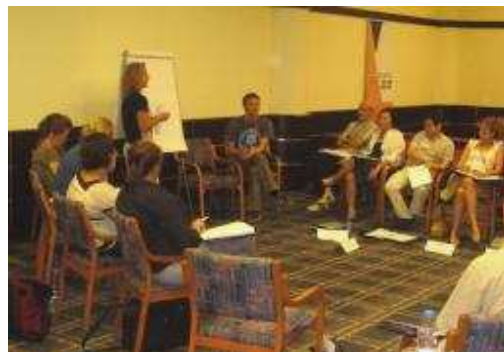
Figure 1. The Scientific Summer School in Turkey (SSSiT), 2007.

The purpose of the present study was to evaluate the effectiveness of preparation during the month prior to the SSSiT using an on-line Research Methodology Guide and ORP outline.
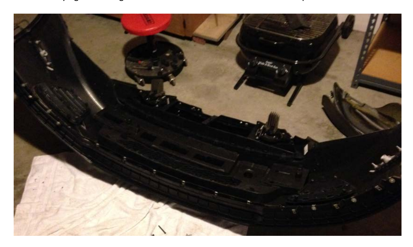
Part 2: Splitter Installation

12: Remove the 3 plastic clips on each side with a flat head screw driver on the inside of the bumper.
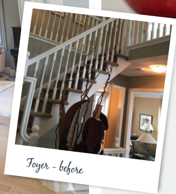
Foyer - before
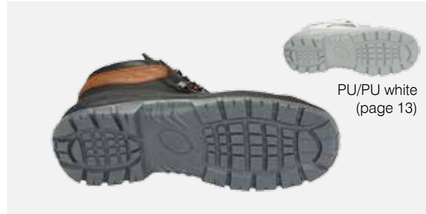
PU/PU white (page 13)
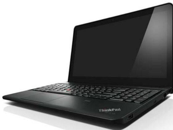
Lenovo ThinkPad Edge E540 with Touch Screen
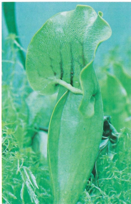
S. purpurea purpurea under mercury arc at twenty inches from light source.
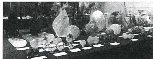
Photo: Rock and Gem Show 2015
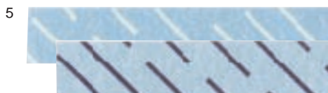
Steam Tape for Disposable Wraps
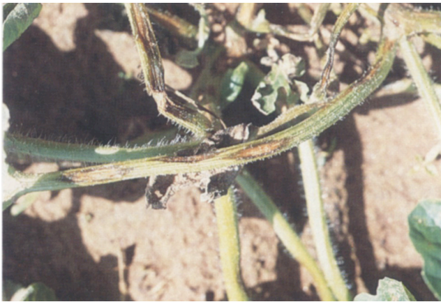
Figure 2. Anthracnose lesions on watermelon stem.
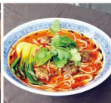
红烧牛肉面 £14.80/份 Braised Noodles Ramen

§ §

- TASK DIRECTIONS: Each line from the one containing "Foyer - before" through the end of the listing is to be set down exactly, with all pictures left out.

- WRITTEN REPLY:
Foyer - before
PU/PU white (page 13)
Lenovo ThinkPad Edge E540 with Touch Screen
S. purpurea purpurea under mercury arc at twenty inches from light source.
Photo: Rock and Gem Show 2015
Steam Tape for Disposable Wraps
Figure 2. Anthracnose lesions on watermelon stem.
红烧牛肉面 £14.80/份 Braised Noodles Ramen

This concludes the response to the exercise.